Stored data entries
* * * * * * *

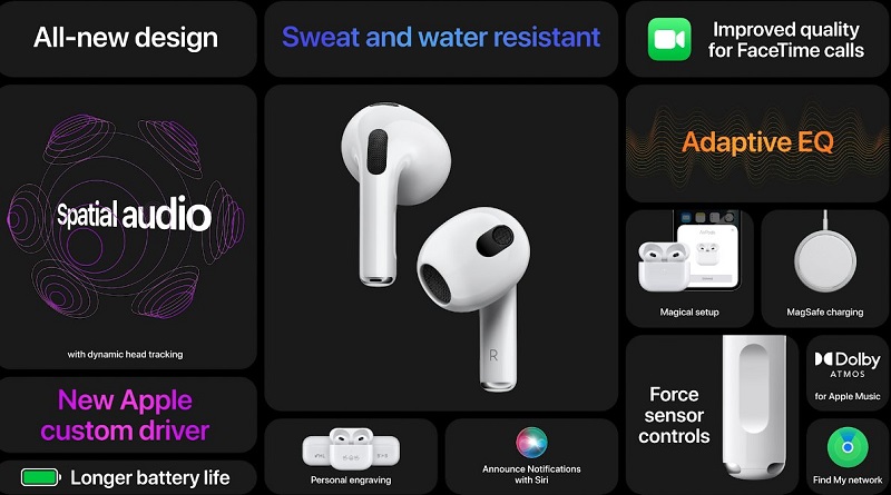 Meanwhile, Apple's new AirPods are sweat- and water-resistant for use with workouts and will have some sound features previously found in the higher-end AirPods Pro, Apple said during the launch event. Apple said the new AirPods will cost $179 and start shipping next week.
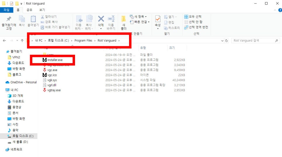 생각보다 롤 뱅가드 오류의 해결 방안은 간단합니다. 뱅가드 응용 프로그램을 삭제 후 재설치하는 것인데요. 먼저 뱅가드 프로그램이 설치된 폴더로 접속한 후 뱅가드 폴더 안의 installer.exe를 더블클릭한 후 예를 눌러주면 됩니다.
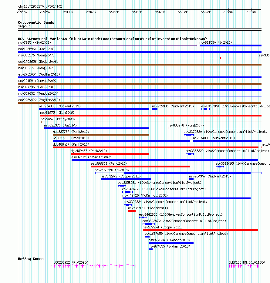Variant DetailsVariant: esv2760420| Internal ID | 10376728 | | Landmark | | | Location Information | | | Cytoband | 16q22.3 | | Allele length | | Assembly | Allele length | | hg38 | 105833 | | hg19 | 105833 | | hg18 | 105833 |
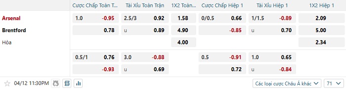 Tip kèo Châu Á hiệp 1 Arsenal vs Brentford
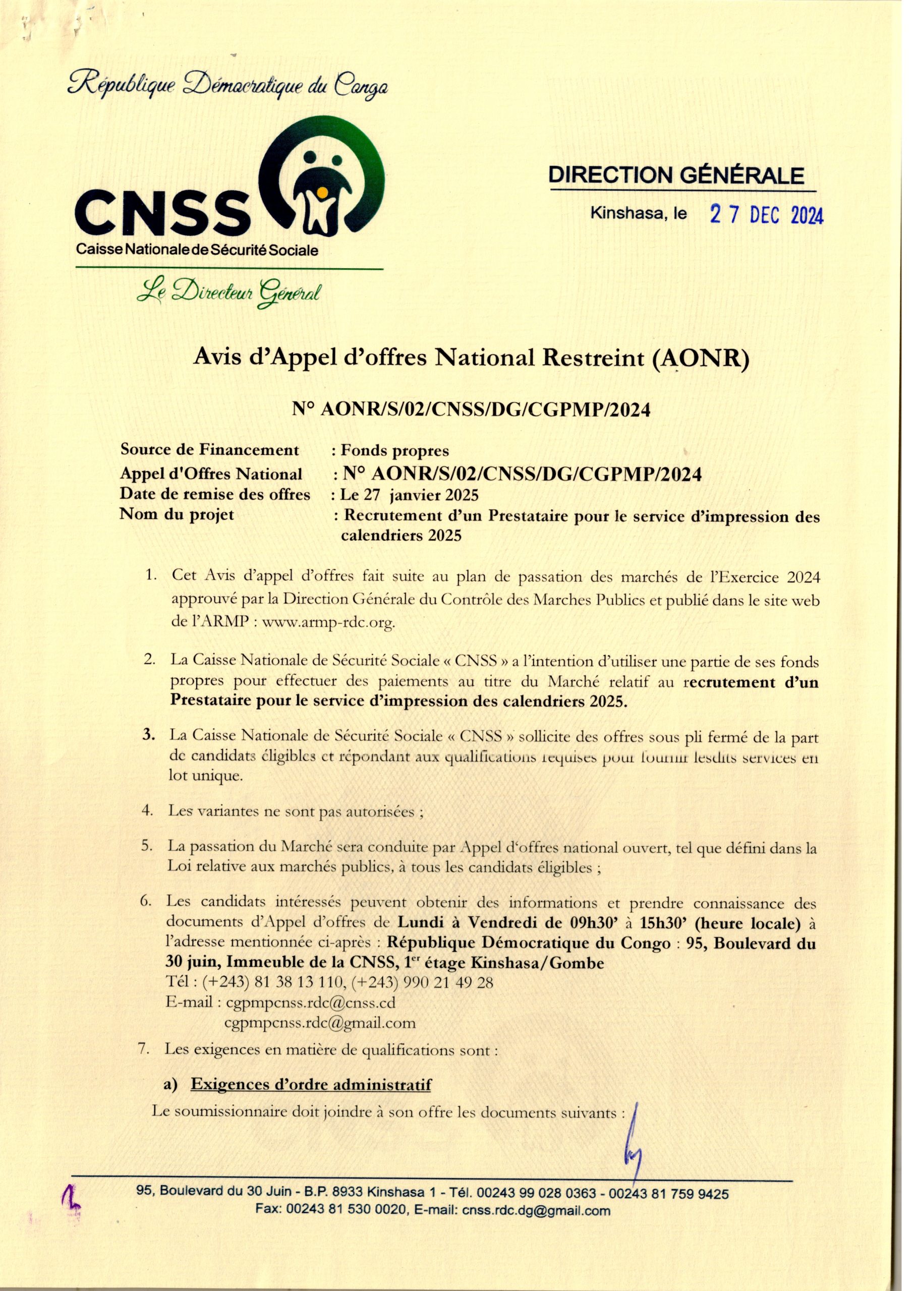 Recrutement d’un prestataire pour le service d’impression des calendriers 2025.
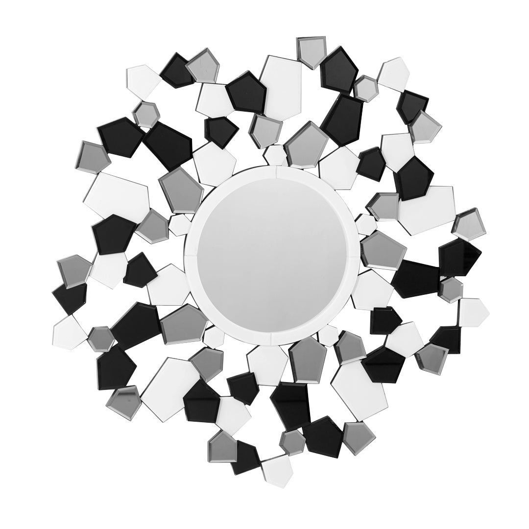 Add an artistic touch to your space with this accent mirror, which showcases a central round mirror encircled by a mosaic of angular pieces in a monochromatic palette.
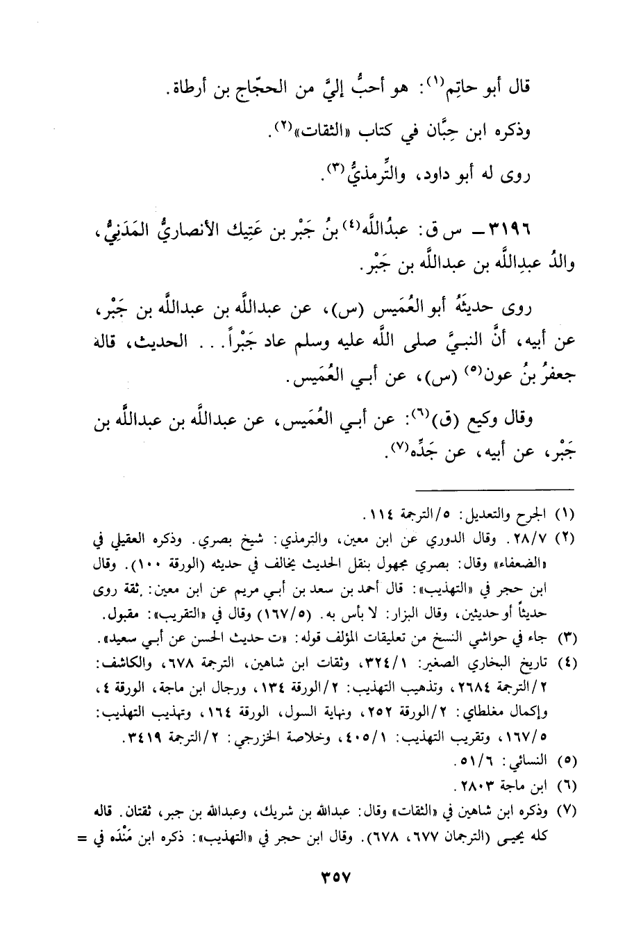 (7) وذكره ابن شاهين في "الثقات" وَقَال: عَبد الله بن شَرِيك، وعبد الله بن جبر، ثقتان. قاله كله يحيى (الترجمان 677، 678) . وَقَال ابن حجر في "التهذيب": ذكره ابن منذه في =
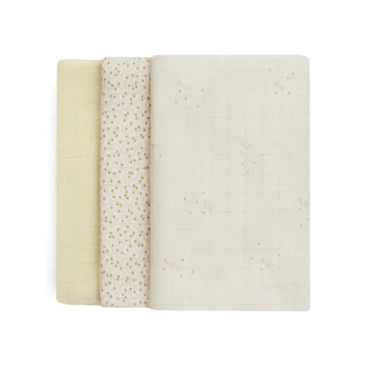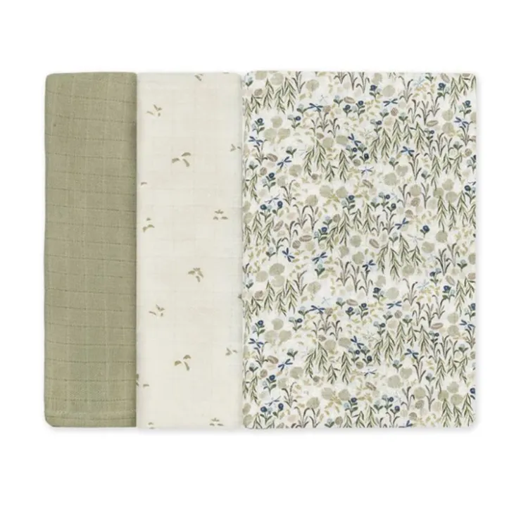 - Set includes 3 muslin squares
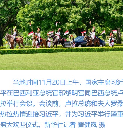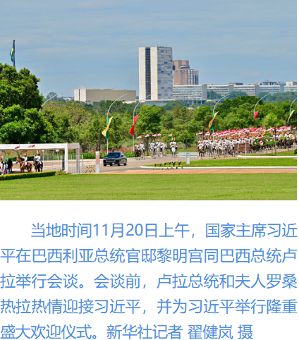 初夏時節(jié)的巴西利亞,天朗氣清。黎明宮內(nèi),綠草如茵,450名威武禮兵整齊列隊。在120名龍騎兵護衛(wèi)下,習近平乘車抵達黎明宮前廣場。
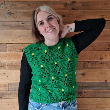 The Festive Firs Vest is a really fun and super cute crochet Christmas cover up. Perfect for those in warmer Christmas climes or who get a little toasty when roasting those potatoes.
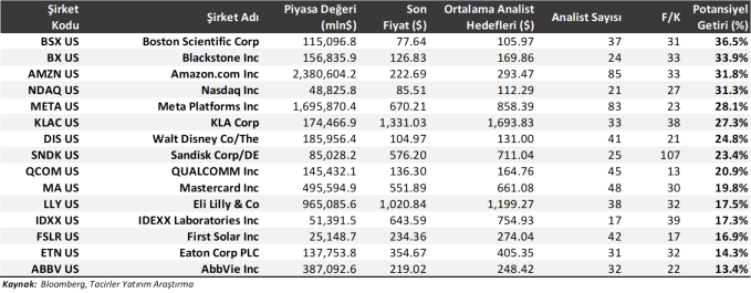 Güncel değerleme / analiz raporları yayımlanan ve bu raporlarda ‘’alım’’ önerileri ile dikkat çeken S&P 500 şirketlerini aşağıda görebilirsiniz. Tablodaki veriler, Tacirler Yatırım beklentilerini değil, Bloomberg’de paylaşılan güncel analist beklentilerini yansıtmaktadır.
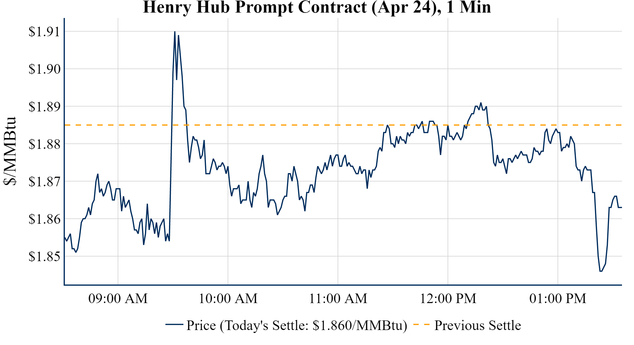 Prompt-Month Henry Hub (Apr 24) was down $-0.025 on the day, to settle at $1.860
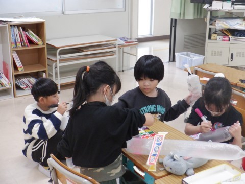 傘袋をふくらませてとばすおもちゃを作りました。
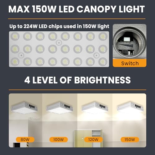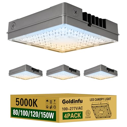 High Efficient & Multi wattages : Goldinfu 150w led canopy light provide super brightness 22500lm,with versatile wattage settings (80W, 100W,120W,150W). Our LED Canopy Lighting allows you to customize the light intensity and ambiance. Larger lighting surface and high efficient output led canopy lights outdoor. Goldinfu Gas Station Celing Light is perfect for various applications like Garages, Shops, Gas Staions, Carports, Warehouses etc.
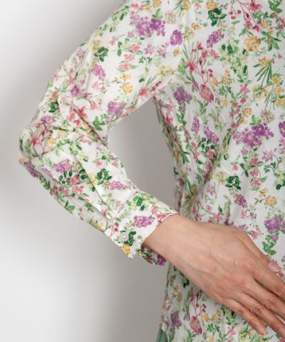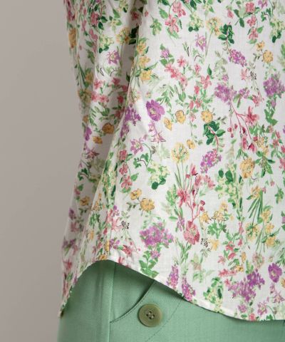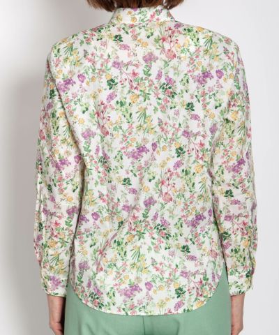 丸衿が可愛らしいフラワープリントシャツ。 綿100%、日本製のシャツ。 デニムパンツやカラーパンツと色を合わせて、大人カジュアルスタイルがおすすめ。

* * * * * * *

Aim of the exercise
Repeat each line word for word, from the one with "初夏時節(jié)的巴西利亞" down to the last line of the data, and keep the pictures out of it.

Expected answer
 初夏時節(jié)的巴西利亞,天朗氣清。黎明宮內(nèi),綠草如茵,450名威武禮兵整齊列隊。在120名龍騎兵護衛(wèi)下,習近平乘車抵達黎明宮前廣場。
 The Festive Firs Vest is a really fun and super cute crochet Christmas cover up. Perfect for those in warmer Christmas climes or who get a little toasty when roasting those potatoes.
 Güncel değerleme / analiz raporları yayımlanan ve bu raporlarda ‘’alım’’ önerileri ile dikkat çeken S&P 500 şirketlerini aşağıda görebilirsiniz. Tablodaki veriler, Tacirler Yatırım beklentilerini değil, Bloomberg’de paylaşılan güncel analist beklentilerini yansıtmaktadır.
 Prompt-Month Henry Hub (Apr 24) was down $-0.025 on the day, to settle at $1.860
 傘袋をふくらませてとばすおもちゃを作りました。
 High Efficient & Multi wattages : Goldinfu 150w led canopy light provide super brightness 22500lm,with versatile wattage settings (80W, 100W,120W,150W). Our LED Canopy Lighting allows you to customize the light intensity and ambiance. Larger lighting surface and high efficient output led canopy lights outdoor. Goldinfu Gas Station Celing Light is perfect for various applications like Garages, Shops, Gas Staions, Carports, Warehouses etc.
 丸衿が可愛らしいフラワープリントシャツ。 綿100%、日本製のシャツ。 デニムパンツやカラーパンツと色を合わせて、大人カジュアルスタイルがおすすめ。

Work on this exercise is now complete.